Look below for the line containing "GIF-理查德本来不打了,追" and the line containing "- Trọng lượng", then set down both and every line between them exactly, without pictures.

--- Input records ---
- - - - - - -

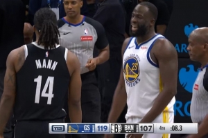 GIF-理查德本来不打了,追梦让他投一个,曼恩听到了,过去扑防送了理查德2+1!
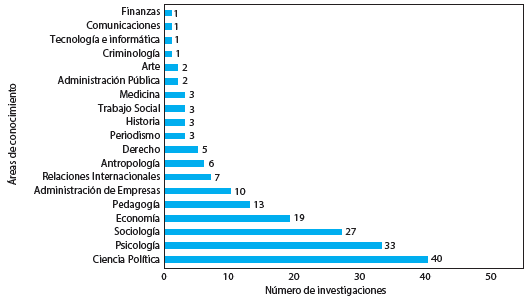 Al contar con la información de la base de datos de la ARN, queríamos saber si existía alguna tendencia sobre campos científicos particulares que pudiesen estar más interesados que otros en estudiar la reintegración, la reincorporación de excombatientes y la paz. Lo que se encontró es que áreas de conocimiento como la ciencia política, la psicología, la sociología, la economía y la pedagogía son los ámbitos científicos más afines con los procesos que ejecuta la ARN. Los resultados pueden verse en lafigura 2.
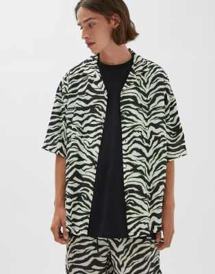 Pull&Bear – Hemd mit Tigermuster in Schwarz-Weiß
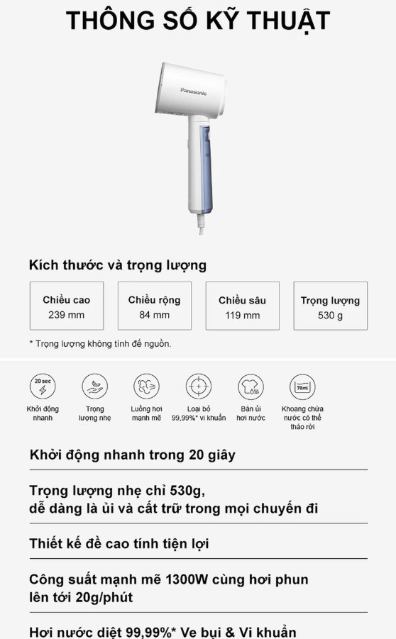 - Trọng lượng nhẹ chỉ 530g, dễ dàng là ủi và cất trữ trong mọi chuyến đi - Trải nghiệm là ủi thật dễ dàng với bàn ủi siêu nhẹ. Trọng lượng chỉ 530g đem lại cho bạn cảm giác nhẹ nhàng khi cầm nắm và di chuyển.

- - - - - - -

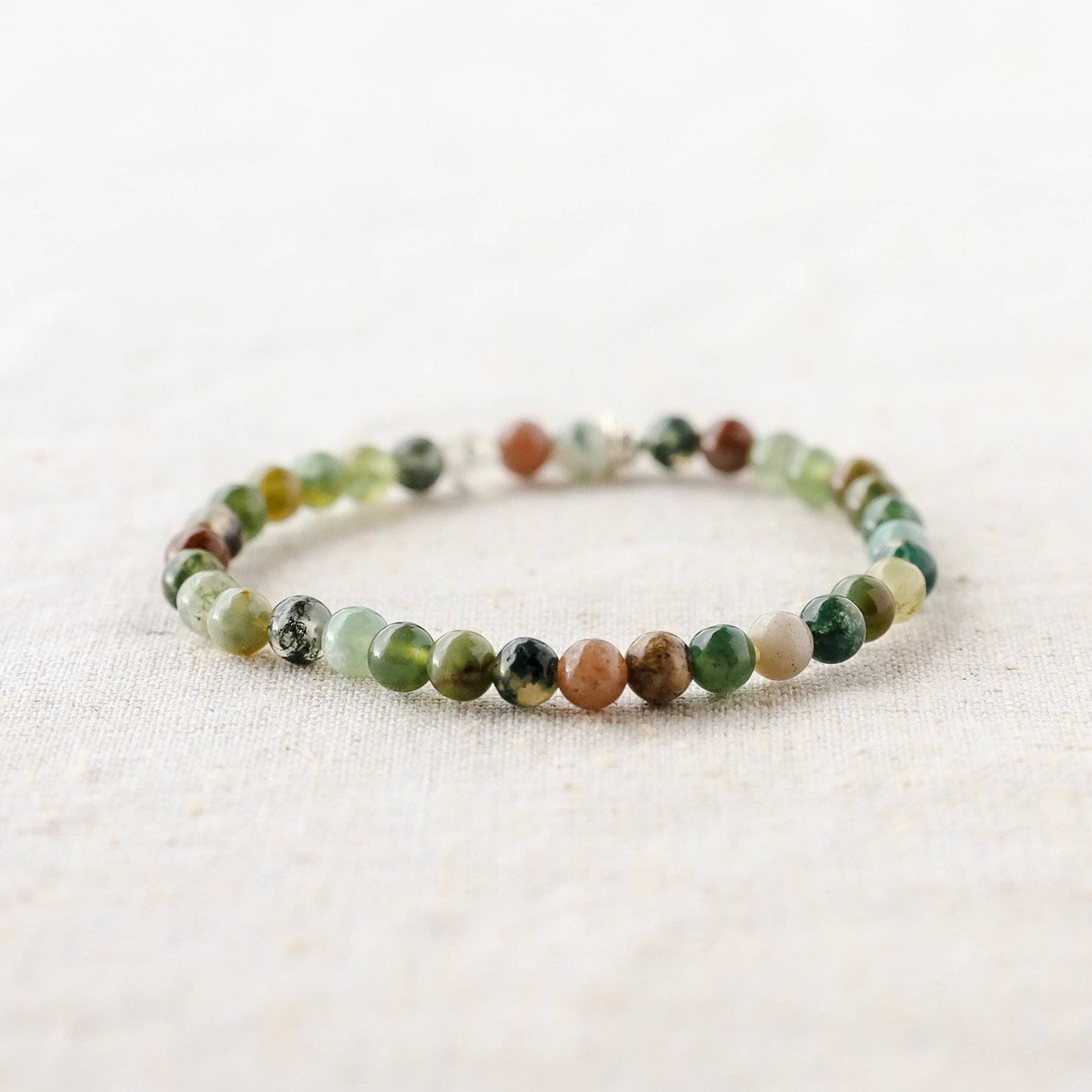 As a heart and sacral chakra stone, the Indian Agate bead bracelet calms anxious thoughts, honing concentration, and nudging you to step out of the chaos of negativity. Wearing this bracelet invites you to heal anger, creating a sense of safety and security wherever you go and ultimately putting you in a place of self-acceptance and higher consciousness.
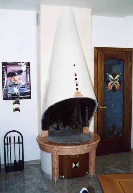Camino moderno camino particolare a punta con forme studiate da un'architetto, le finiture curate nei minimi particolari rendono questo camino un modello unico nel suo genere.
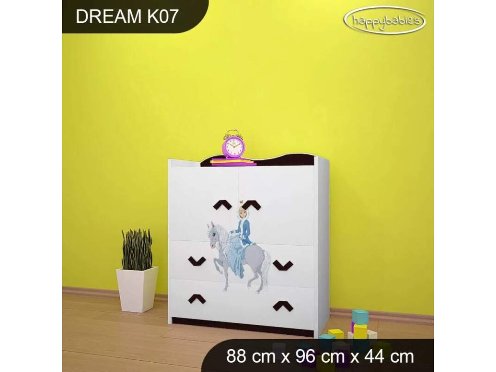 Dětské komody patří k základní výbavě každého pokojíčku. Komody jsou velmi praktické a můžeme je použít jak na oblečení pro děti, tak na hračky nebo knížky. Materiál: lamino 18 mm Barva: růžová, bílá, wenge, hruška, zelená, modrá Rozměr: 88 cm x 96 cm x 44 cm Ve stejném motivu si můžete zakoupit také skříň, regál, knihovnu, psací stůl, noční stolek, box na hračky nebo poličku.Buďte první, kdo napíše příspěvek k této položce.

- - - - - - -

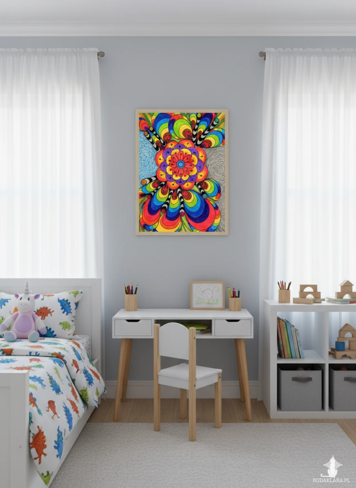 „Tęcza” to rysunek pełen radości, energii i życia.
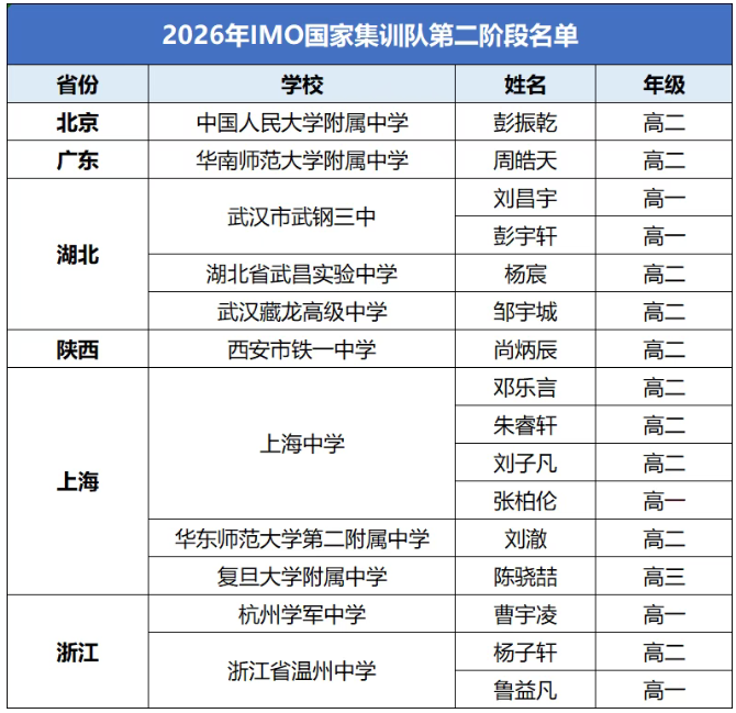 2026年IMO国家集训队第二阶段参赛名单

- - - - - - -

--- Answer space ---
 GIF-理查德本来不打了,追梦让他投一个,曼恩听到了,过去扑防送了理查德2+1!
 Al contar con la información de la base de datos de la ARN, queríamos saber si existía alguna tendencia sobre campos científicos particulares que pudiesen estar más interesados que otros en estudiar la reintegración, la reincorporación de excombatientes y la paz. Lo que se encontró es que áreas de conocimiento como la ciencia política, la psicología, la sociología, la economía y la pedagogía son los ámbitos científicos más afines con los procesos que ejecuta la ARN. Los resultados pueden verse en lafigura 2.
 Pull&Bear – Hemd mit Tigermuster in Schwarz-Weiß
 - Trọng lượng nhẹ chỉ 530g, dễ dàng là ủi và cất trữ trong mọi chuyến đi - Trải nghiệm là ủi thật dễ dàng với bàn ủi siêu nhẹ. Trọng lượng chỉ 530g đem lại cho bạn cảm giác nhẹ nhàng khi cầm nắm và di chuyển.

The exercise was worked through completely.